Ai Weiwei: A Perspective on Two Centuries of Cultural Misunderstandings

Join Dr. Janet Baker, Curator of Asian Art at the Phoenix Art Museum, as she discusses her personal experiences, Ai Weiwei’s career, and the zodiac heads in historical and cross-cultural contexts. Dr. Baker draws upon the time she spent in New York City getting to know many contemporary Chinese artists, including Ai Weiwei.

Circle of Animals/Zodiac Heads: Gold, currently on display in the Feature Gallery North, engages issues of looting, repatriation, and cultural heritage while expanding upon ongoing themes in Ai’s work of the fake and copy in relation to the original.  Dr. Baker’s lecture brings the zodiac head to life by providing her unique insights into the complex cultural relationships in the East and the role of Ai Weiwei’s social activism.

Photographer Tarek Al-Ghoussein on k-Files

Born in Kuwait and educated in New York and New Mexico, Tarek Al-Ghoussein returned to his native land to document its history and discovered a landscape transformed by development. The prominent photographer is best known for his works that combine elements of landscape and portrait photography. 

This exhibition features twelve photographic prints from the artist’s K-Files series, as well as a sampling of new works from his Al Sawaber series, both focused on his experience in his native Kuwait. Join Al-Ghoussein, whose work has been featured in the Venice Biennale, as he discusses his work, in conversation with Curator of Contemporary Art JoAnne Northrup.

Support for the Art Bite series comes from Nevada Arts Council and Nevada Humanities.

Meet the Artist: Dennis Parks

Dennis Parks is a ceramist who moved to the rural ghost town of Tuscarora in 1966, where he established the internationally-known Tuscarora Pottery School. Parks pioneered a process using native clays that are single-fired in kilns fueled with recycled crankcase oil.
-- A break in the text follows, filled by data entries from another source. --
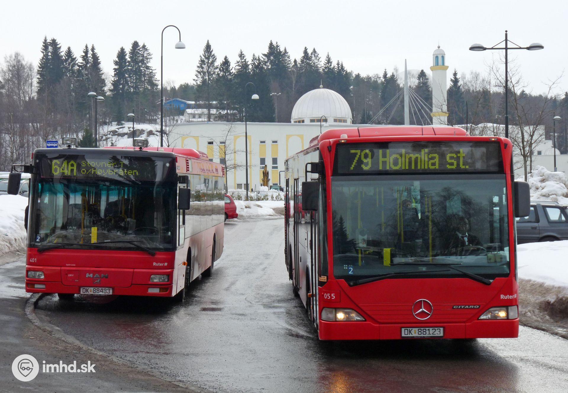 MAN NL 263 a Mercedes-Benz O 530 Citaro v pozadí s mešitou vo výstavbe.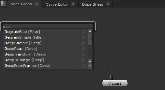 入力するTabメニューは選択を絞り込みます。たとえば、文字列を入力するdeaで始まるすべてのエントリを表示しますdea。この場合、開始するノードがないことがわかりますdea、 そうNuke代わりにノードの始まりを探しますdeとa名前に。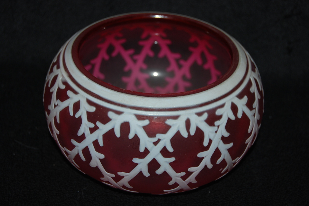 Loading... Please wait...This is for a really beautiful Victorian British Cranberry Cameo Bowl produced during the 1880's. Not signed and cannot be sure of maker. The color and pattern are amazing as shown. Looks like some sort of lattice pattern. It is in amazing shape with no chips, cracks, or repairs. Really Heavy for its size. Measures 5 3/4" across at its widest and 3 1/4" tall. A really beautiful piece of Victorian Art Glass. INV #14-0129.

Recognized for his innovative use of text, Parks often imprints written fragments from classical literature, political puns, and poetry onto his works.

His stoneware has been honored worldwide for its wide range of inventive forms and his work has been exhibited in museums in over twenty countries around the world.  In celebration of the opening of Land, Language and Clay, join Dennis Parks for an intimate and informal evening of dialogue and conversation about his life and work.